### [Action item]
Apart from the pictures, which must be omitted, restate the data exactly.
[Input data — start]
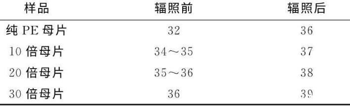 表1不同发泡倍率母片辐照处理前后的表面张力
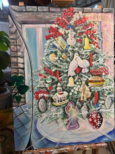This is an original representational oil or acrylic painting on a 24" x 36" (2'x3') vertical canvas by the artist Dale Haessly. The composition features a heavily flocked, densely decorated Christmas tree set against an interior backdrop of a stone or brick wall and a window. The tree is adorned with a variety of eclectic ornaments including a snowman topper, white doves with a red heart, a golden bell, a hamburger, a cocker spaniel dog, several red chili peppers, white pinecones, a church, and a purple nativity figure. A notable feature is the large red ornament with white snowflake patterns in the lower right and a glowing star effect emanating from the nativity scene. The color palette is vibrant, dominated by festive reds, greens, and whites with a textured, impasto-like application that provides significant depth and dimension to the 'snow' on the branches. The work is signed 'Dale' in the bottom right corner in white cursive. The piece appears to be in excellent contemporary condition with no visible cracking (craquelure), fading, or structural damage to the canvas. The craftsmanship reflects a folk-art influenced style with a focus on narrative and sentimental iconography. The perspective is slightly forced, incorporating a curved architectural element on the left that frames the tree. The overall quality suggests a dedicated contemporary studio practice with a high attention to detail in the varied textures of the individual ornaments.
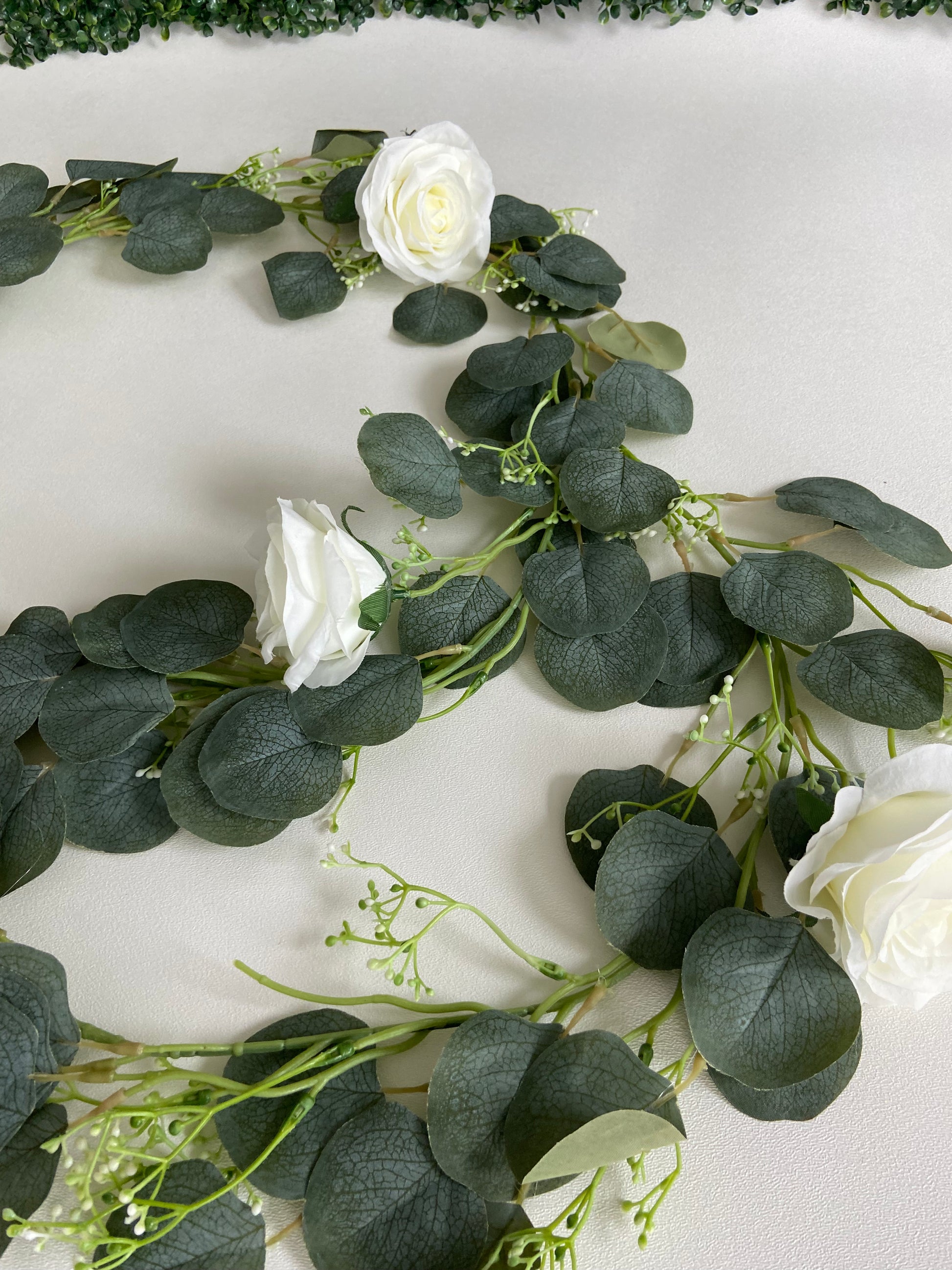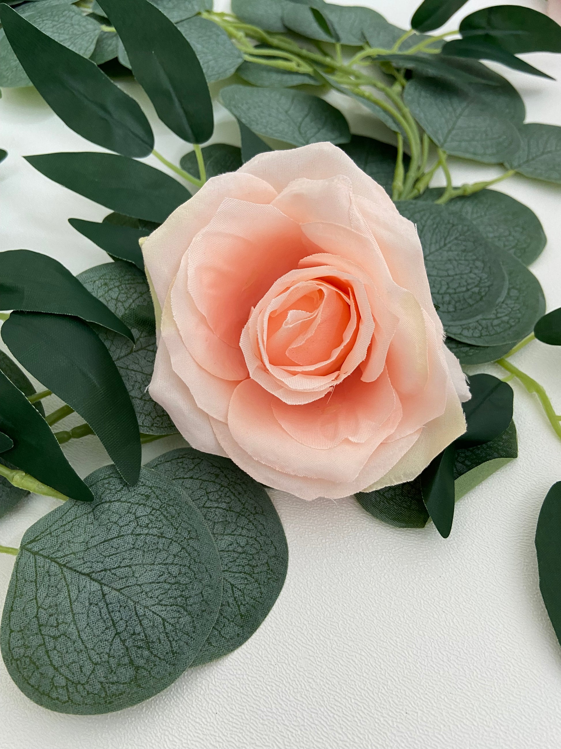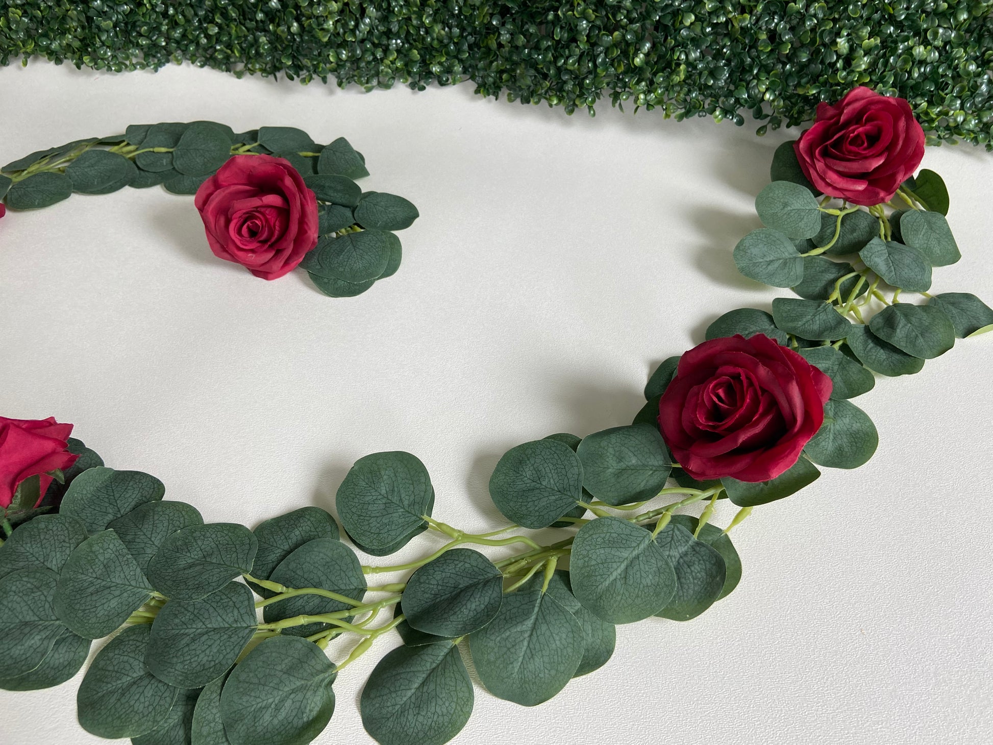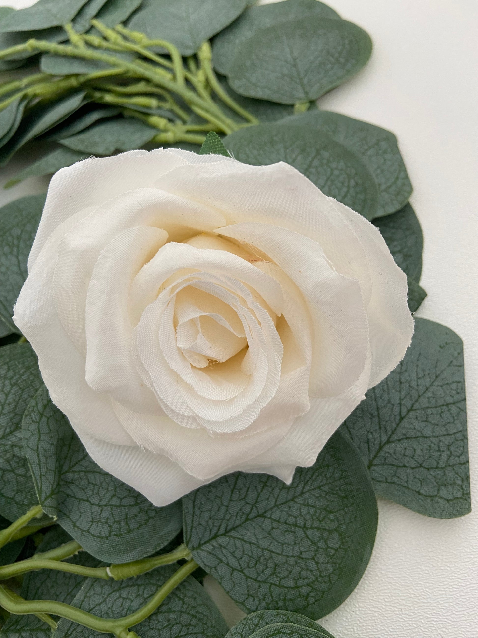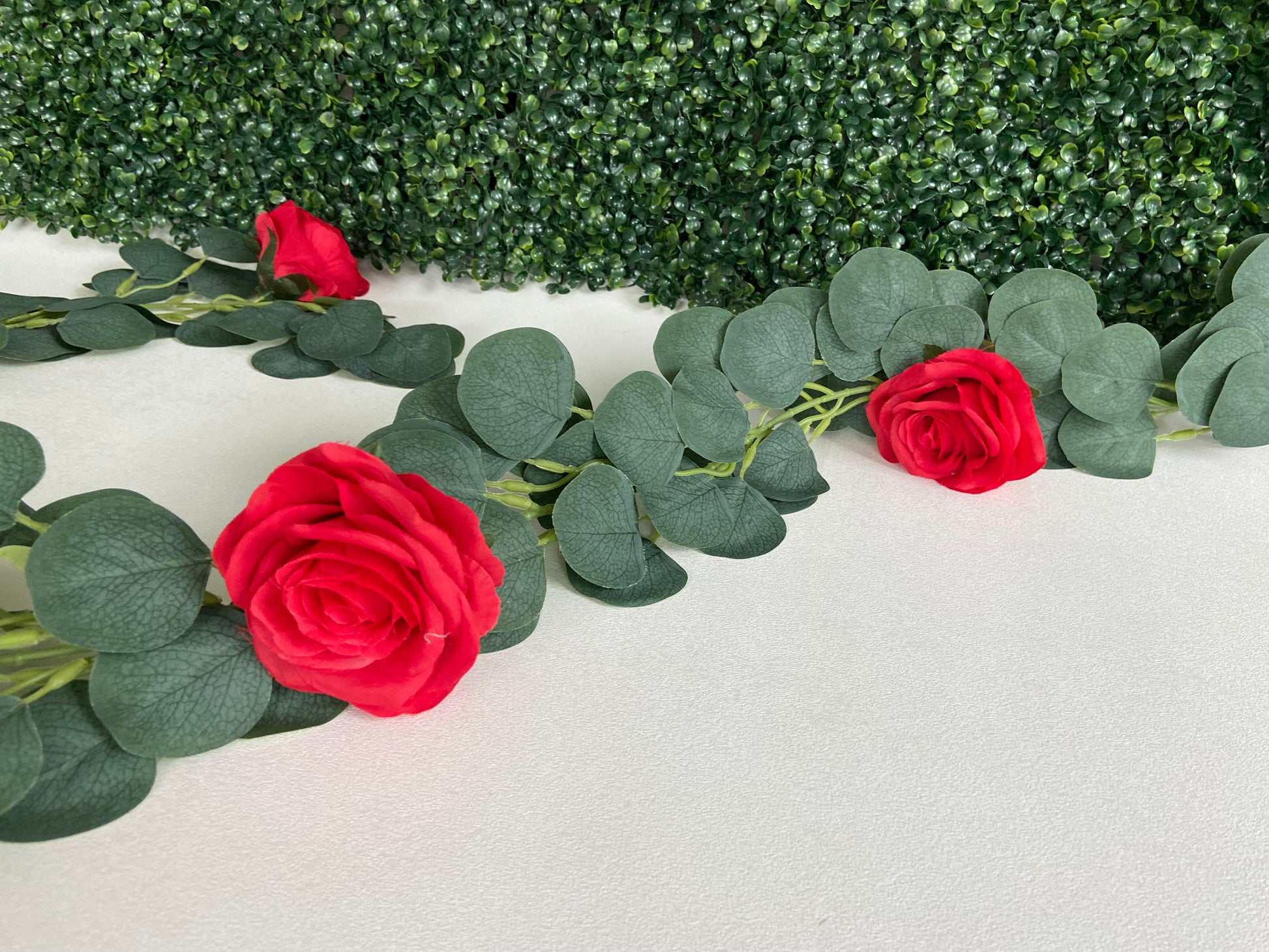 Enhance the natural beauty of your event with our lifelike eucalyptus garlands. These artificial vines are meticulously crafted with silk leaves and durable plastic vines, providing a realistic and long-lasting foliage option for your decor needs. Each vine stretches 6.5 ft long, adorned with lush 2.16-inch leaves, adding a touch of greenery to any space. Each silk flower measure 4 inches wide.
[Input data — finish]
### [Exercise result]
 表1不同发泡倍率母片辐照处理前后的表面张力
This is an original representational oil or acrylic painting on a 24" x 36" (2'x3') vertical canvas by the artist Dale Haessly. The composition features a heavily flocked, densely decorated Christmas tree set against an interior backdrop of a stone or brick wall and a window. The tree is adorned with a variety of eclectic ornaments including a snowman topper, white doves with a red heart, a golden bell, a hamburger, a cocker spaniel dog, several red chili peppers, white pinecones, a church, and a purple nativity figure. A notable feature is the large red ornament with white snowflake patterns in the lower right and a glowing star effect emanating from the nativity scene. The color palette is vibrant, dominated by festive reds, greens, and whites with a textured, impasto-like application that provides significant depth and dimension to the 'snow' on the branches. The work is signed 'Dale' in the bottom right corner in white cursive. The piece appears to be in excellent contemporary condition with no visible cracking (craquelure), fading, or structural damage to the canvas. The craftsmanship reflects a folk-art influenced style with a focus on narrative and sentimental iconography. The perspective is slightly forced, incorporating a curved architectural element on the left that frames the tree. The overall quality suggests a dedicated contemporary studio practice with a high attention to detail in the varied textures of the individual ornaments.
 Enhance the natural beauty of your event with our lifelike eucalyptus garlands. These artificial vines are meticulously crafted with silk leaves and durable plastic vines, providing a realistic and long-lasting foliage option for your decor needs. Each vine stretches 6.5 ft long, adorned with lush 2.16-inch leaves, adding a touch of greenery to any space. Each silk flower measure 4 inches wide.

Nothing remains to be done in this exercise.